# Math Help - Can't seem to finish this length of graph problem

1. ## Can't seem to finish this length of graph problem

I need help to finish finding the length of the graph of $y=\frac{1}{3}x^{\frac{3}{2}}-x^{\frac{1}{2}}$ from $(1,-\frac{2}{3}})$ to ${4,\frac{2}{3})$.
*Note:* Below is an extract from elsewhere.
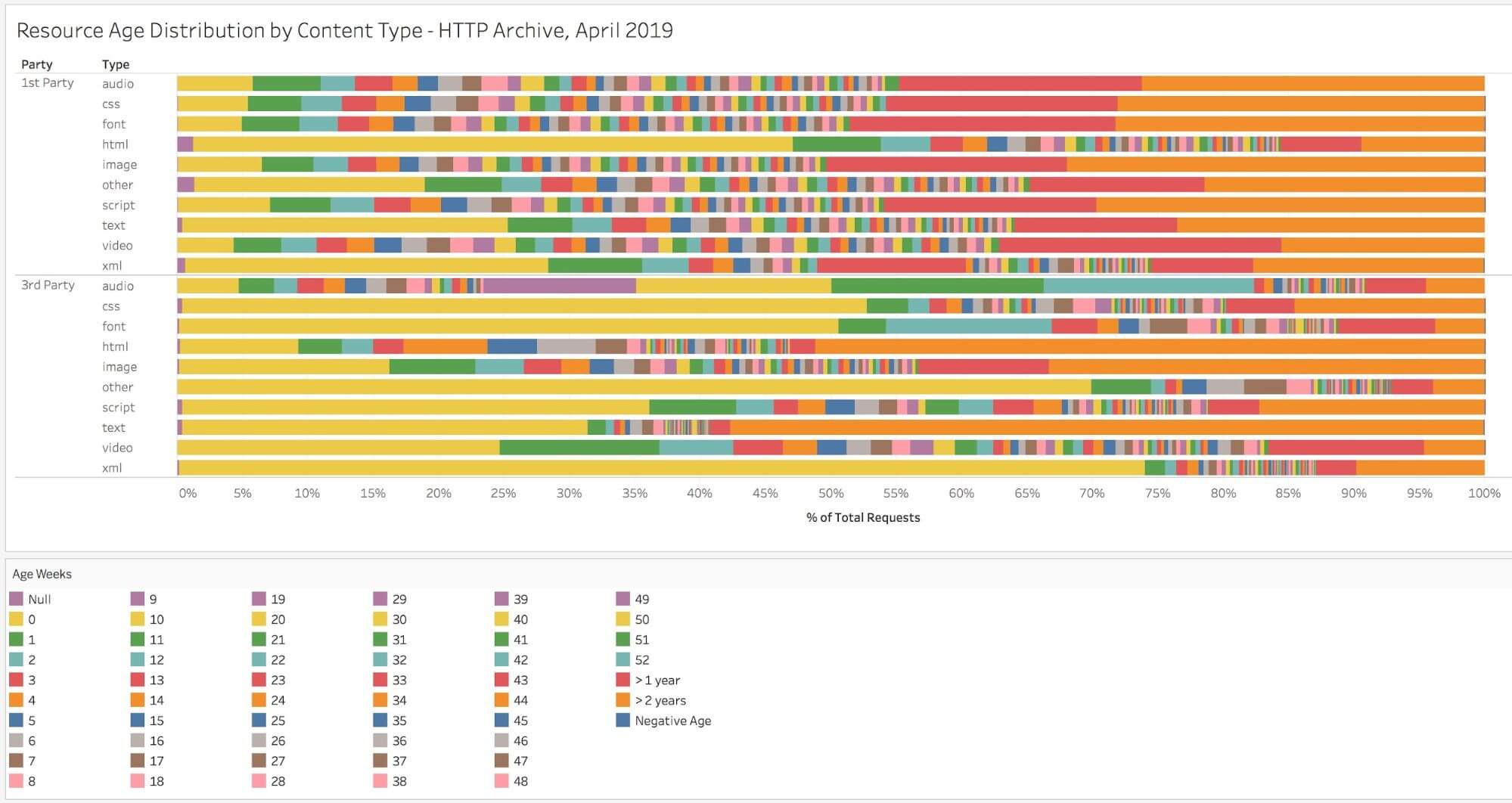 これをファーストパーティとサードパーティで分けると、ファーストパーティのリソースの70%がより長いTTLの恩恵を受けることもわかります。これは、キャッシュ可能なものに特に注意を払い、キャッシュが正しく構成されていることを確認する必要があることを明確に強調しています。

So far I have: $\frac{ds}{dx}=\sqrt{1+f'^2} = \sqrt{1+(\frac{1}{2}\sqrt{x} - \frac{1}{2}*\frac{1}{\sqrt{x}})^2dx$ $=\frac{1}{2}\sqrt{\frac{(x+1)^2}{x}}$

2. Originally Posted by FLTR
I need help to finish finding the length of the graph of $y=\frac{1}{3}x^{\frac{3}{2}}-x^{\frac{1}{2}}$ from $(1,-\frac{2}{3}})$ to ${4,\frac{2}{3})$
You have,
$y=\frac{1}{3}x^{3/2}-x^{1/2}$
$y'=\frac{1}{3}\cdot \frac{3}{2}x^{1/2}-\frac{1}{2}x^{-1/2}=\frac{1}{2}x^{1/2}-\frac{1}{2}x^{-1/2}$
Now,
$[y']^2=\left( \frac{1}{2}x^{1/2}-\frac{1}{2}x^{-1/2} \right)^2$
Open,
$\frac{1}{4}x-\frac{2}{1}\cdot \frac{1}{2} \cdot \frac{1}{2}\cdot x^{1/2-1/2}+\frac{1}{4}x^{-1}$
Thus,
$\frac{1}{4}x+\frac{1}{4}x^{-1}-\frac{2}{4}$
The next step is to add one,
$\frac{1}{4}x+\frac{1}{4}x^{-1}+\frac{2}{4}$
Thus,
$\int_1^4 \sqrt{\frac{1}{4}x+\frac{1}{4}x^{-1}+\frac{2}{4}}dx$
$\frac{1}{2}\int_1^4 \sqrt{x+\frac{1}{x}+2} dx$
$\frac{1}{2}\int_1^4 \sqrt{\frac{x^2+2x+1}{x}} dx$
You need to make the square,
$
\frac{1}{2}\int_1^4 \sqrt{\frac{(x+1)^2}{x}dx$

Since $x>0$ you make use the rule,
$\sqrt{a/b}=\sqrt{a}/\sqrt{b}$
Thus,
$\frac{1}{2}\int_1^4 \frac{\sqrt{(x+1)^2}}{\sqrt{x}}dx$= $\frac{1}{2}\int_1^4 \frac{|x+1|}{\sqrt{x}}dx$
But, $x>0\to x+1>0$ thus,
$\frac{1}{2}\int_1^4 \frac{x+1}{\sqrt{x}}dx$
Note that the fraction:
$\frac{x+1}{\sqrt{x}}=\frac{x}{ \sqrt{x} }+\frac{1}{ \sqrt{x} }=x^{1/2}+x^{-1/2}$
Finally,
$\frac{1}{2}\int_1^4 x^{1/2}+x^{-1/2}dx$

3. Originally Posted by FLTR
I need help to finish finding the length of the graph of $y=\frac{1}{3}x^{\frac{3}{2}}-x^{\frac{1}{2}}$ from $(1,-\frac{2}{3}})$ to ${4,\frac{2}{3})$.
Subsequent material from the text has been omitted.